All this is, in a nutshell, the basis for the development of a psychoanalytic approach to education.

Bernfeld's writings are a rich source of material for everyone who wishes to take a profound refective look on educational practice. He is highly critical of the ambitions of pedagogy, which he says is nowhere near being a science. In his text Sisyphus -the Limits of Education he shows how little they are actually built on. It was written in the mid-1920's, a good bit later than Baumgarten and one can see that some of his enthusiasm had been lost.
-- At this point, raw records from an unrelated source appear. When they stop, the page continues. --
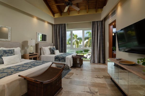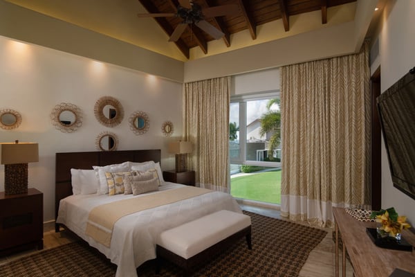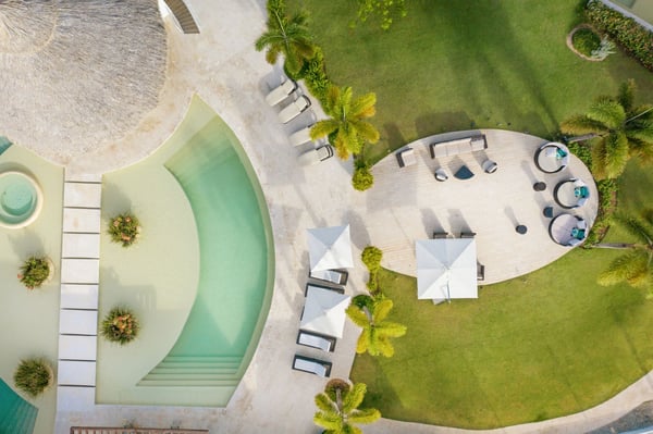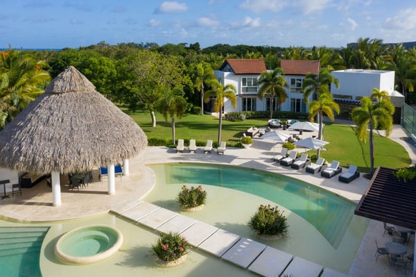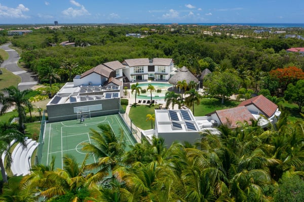 Guests staying within Cap Cana will have access to all resort amenities and facilities. Resort amenities and facilities include a golf course ($), spa ($), restaurants ($), bars ($), fitness centre ($) and tennis centre ($). Welcome to the top resort-style luxury villa situated in the ultra-exclusive community of Cap Cana behind the prestigious gates of the Punta Cana Resort & Club in the Dominican Republic. This soaring, two-story sprawling villa is the summit of upscale living, boasting three separate swimming pools, a sports court, outdoor kitchen under a covered palapa, indoor gym, massage room, cigar room, games room, and eight luxuriously-appointed bedrooms with spa-like ensuite bathrooms. Live like royalty in one of the most highly-sought-after destinations on the planet to vacation, while a professional staff caters to your every need. Lounge around poolside with your favorite frozen cocktail, or work up a sweat at the indoor squash court before enjoying an alfresco meal under a moonlit sky with friends and loved ones, the choice is yours. Surrounded by lush tropical gardens, this semi-circular estate provides an inherent sense of serenity and tranquility to its visiting guests. The collapsible glass walls add a sense of free-flowing ease, carelessly wedding the outdoor spaces with the indoor ones. Take a walk and enjoy the indigenous wildlife, which includes towering coconut palms, palm fronds, and color flowering plants that immerses you in a state of zen and relaxation, or take up any number of activities right in the comfort of your very own luxury villa. Indoors, you'll find long flowing curved spaces, vaulted wood-beam-lined ceilings, and cozy, designer-furnished luxury for the perfect mixture of unpretentious style and upscale class. Enjoy a round of billiards in the game room, or watch your favorite movie in the media room with a semi-circular plush sofa that mimics the curves of the outer estate walls. Polished wood floors, natural stone tiling, and perfect evening lighting helps to round out the idyllic nature of this estate. As a guest, you'll feel like you're staying in one of the world's finest hotels as the property comes completely serviced and staffed. Let the private chef cook up a gourmet meal for your group, allowing the butler to set the table and perfectly deliver the meal, akin to an experience at a fine dining restaurant. During your stay, housekeepers help to tidy up behind you while the villa manager and concierge allow you to book nearby activities and excursions effortlessly. Nearby, you'll find the Jack Nicklaus-designed Punta Espada golf course, or take a trip to nearby Juanillo Beach and enjoy the white-sandy shores and shimmering topaz waters of the Caribbean.
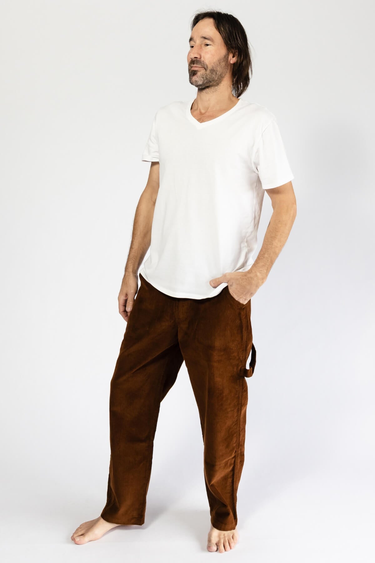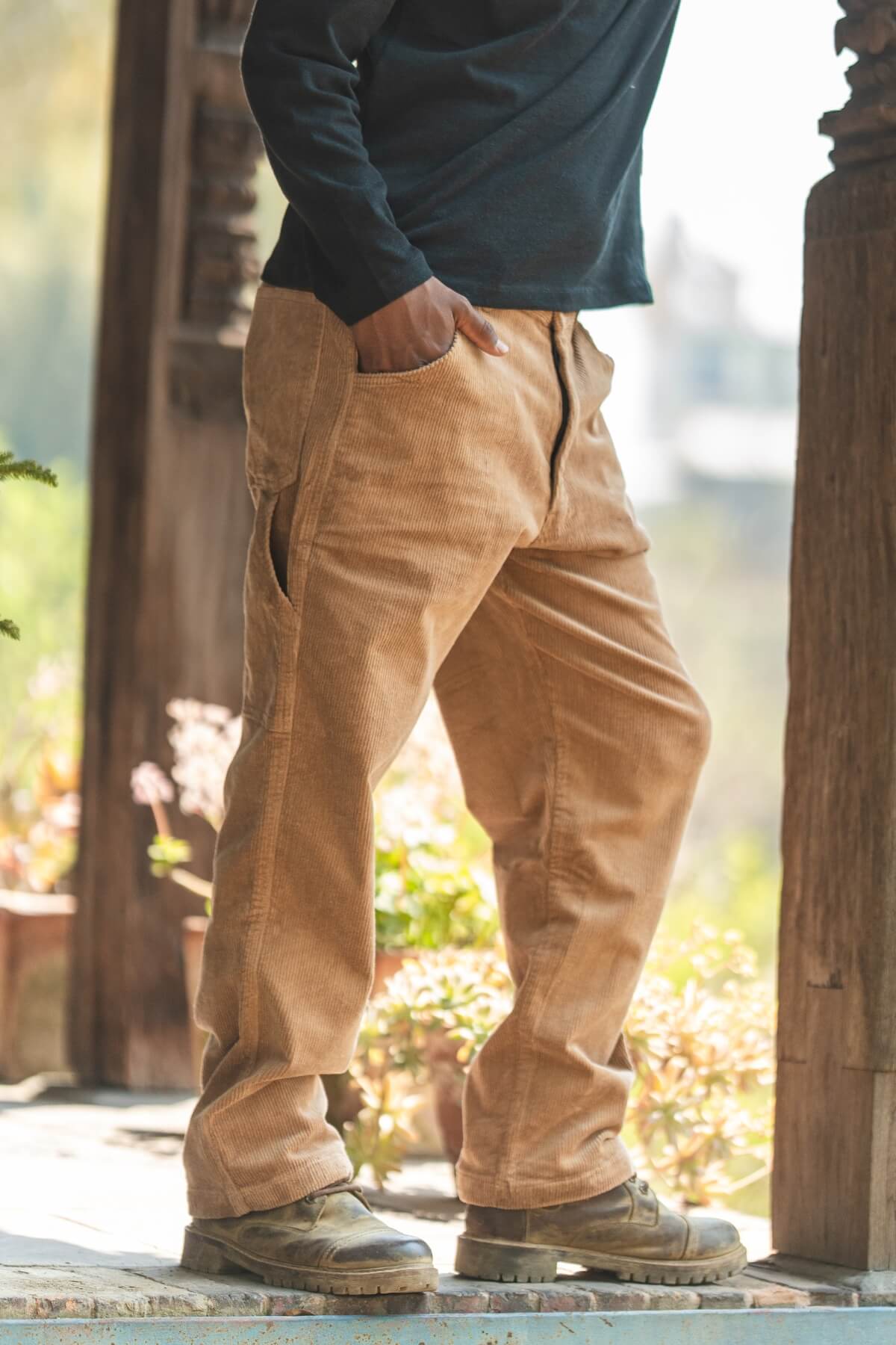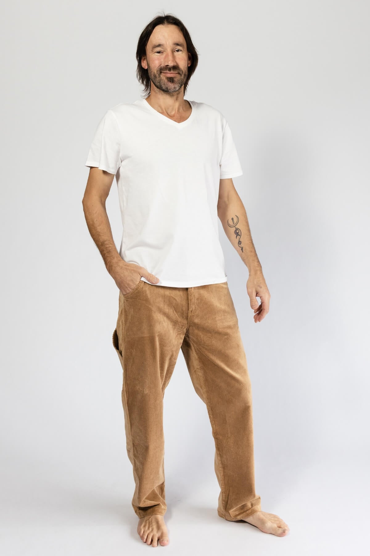 Our super comfortable new corduroy pants for men will be your go-to piece this season. Featuring pockets and a button up / zip waistband, our new corduroy trousers will be a staple of your wardrobe this season. Our corduroy pants feature a straight leg style and medium weight cotton corduroy fabric. They also feature our signature Surya 'hammer' handle at the rear.
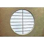 物干し空間とインナーガレージの壁には透かし模様の入った丸窓を。光の加減で紅葉の図柄が浮かび上がるという遊び心も。
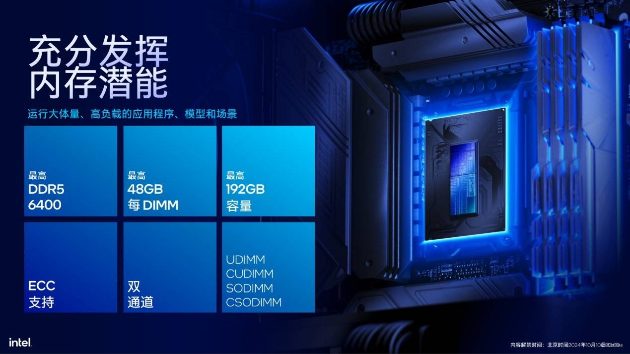 最后就是关于超频部分的提升了,新的酷睿 Ultra 处理器支持最新的高速 DDR5 技术标准,支持高达192GB 的DDR5 6400内存。而对于企业用户,ECC内存的支持也必不可少,同时这一代还支持新的DIMM技术,比如说UDIMM、CUDIMM、SODIMM以及CSODIMM,其中CUDIMM集成了时钟驱动器,不仅提升了内存的极限频率,还增强了系统的整体稳定性,让内存模块能够在更高频率下保持稳定的运行状态,据英特尔说这代处理器轻松上8000+MHz !
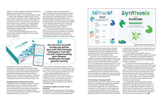 KEAN Health社は、「遺伝子が生活者にとってより身近になる社会を創っていく」というビジョンのもと、400項目以上の解析を行う「chatGENE」シリーズを展開。専門知識不要で自分の体質や健康リスクを把握できるレポート設計と手頃な価格設定や、検査レポート内に日本初※のAI検索機能を搭載した点が高く評価された。※一般消費者向け遺伝子検査サービスにおいて。2025年1月時点。KEAN Health社調べ。
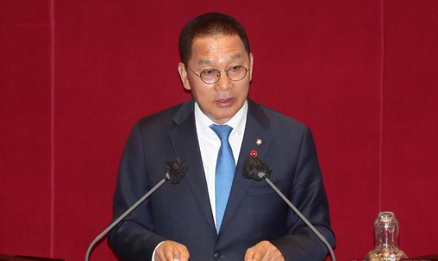 신정훈 더불어민주당 의원이 4일 오후 서울 여의도 국회 본회의장에서 열린 제405회국회(임시회) 제2차 본회의 경제 분야 대정부 질문에서 발언을 하고 있다.
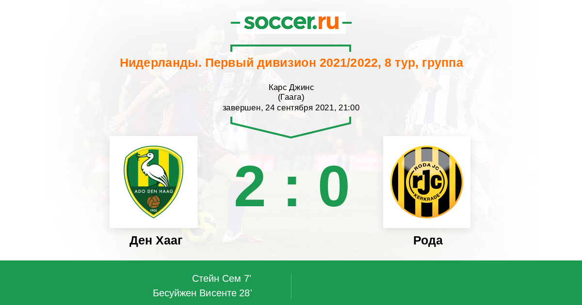 Протокол матча Ден Хааг против Рода
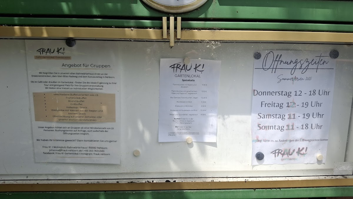 Whether you’re stopping by after a scenic hike, a bike ride, or a kayaking trip on the Glan, FRAU K! is the perfect pit stop. You can enjoy a refreshing drink, hearty meal, or simply relax with ice cream, surrounded by the natural beauty that welcomes adventurers. Rainer Rick noted that this cafe was their first stop on a Draisine tour and assured others that they would be back on the return trip for the unparalleled experience.
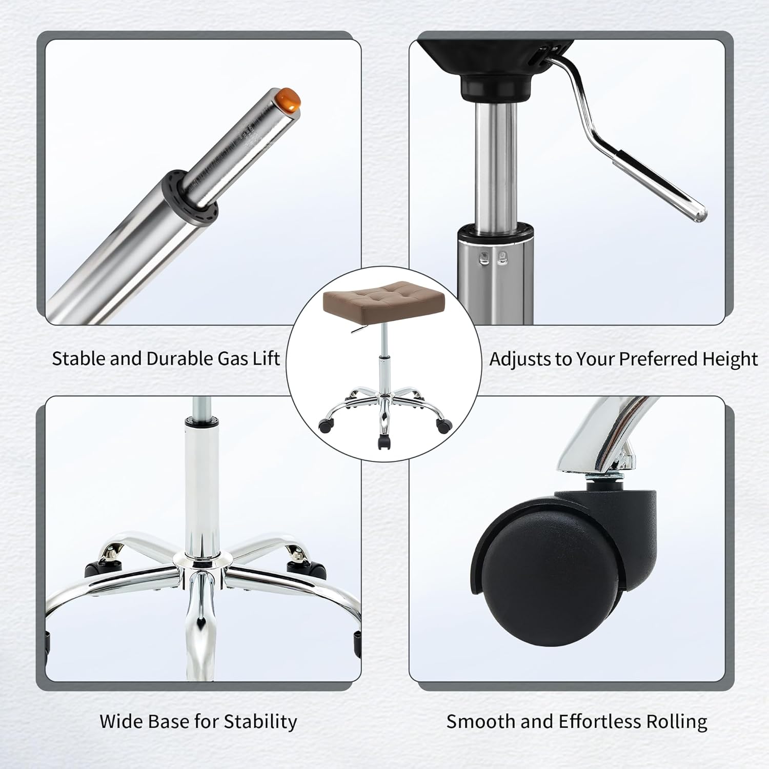 - Smooth Rolling Wheels: The swivel stool features 360° smooth-rolling wheels that glide effortlessly across floors. These wheels help prevent hair and debris from tangling, ensuring consistent performance and easy mobility. While not completely silent, they reduce noise during movement and protect floors from scratches, making the stool well-suited for busy offices, conference rooms, and other professional workspaces

The 1920's were a turbulent time in Germany with a lot of educational experiments going on. It was a period of high intensity with great hopes for liberation and social change. All political groups had their own ideas on how to create the new society, and the various strands of progressive education were not necessarily in agreement with each other either. In Sisyphus Bernfeld maintains that education can only become a science if socialism has been established, and that only on this basis can a 'new education' be established, but at the same time harshly criticises the socialists for not realising that political change entails institutional change and a change in attitudes towards education.

Edwin Hoernle was writing about 'proletarian education' at the same time as Bernfeld. Hoernle was associated with the communist party. Bernfeld defnes the establishment of a socialist society, a socialist Jewish Palestine, to be precise. as his objective. Hoernle's aim was also the establishment of socialism but, if you compare the two there is a striking difference. It is almost comical to read Hoernle's text, when he states the difference between bourgeois and communist education. Basically he says that we the communists. do the same things as the bourgeois, but there is one big difference, namely that it is we who are doing it. It is a completely simplistic worldview – bourgeois bad, communist good.

It reminds me of the debate about nuclear power plants. When I lived in the Federal Republic of Germany, the offcial propaganda was that 'our' reactors were safe, while the ones in the German Democratic Republic were unsafe. For many communists, however, the Western plants were the work of evil forces, while the plants in the East were completely safe and harmless. Two sides of the same coin.

What Bernfeld represents is the call for a new currency – or perhaps no currency at all?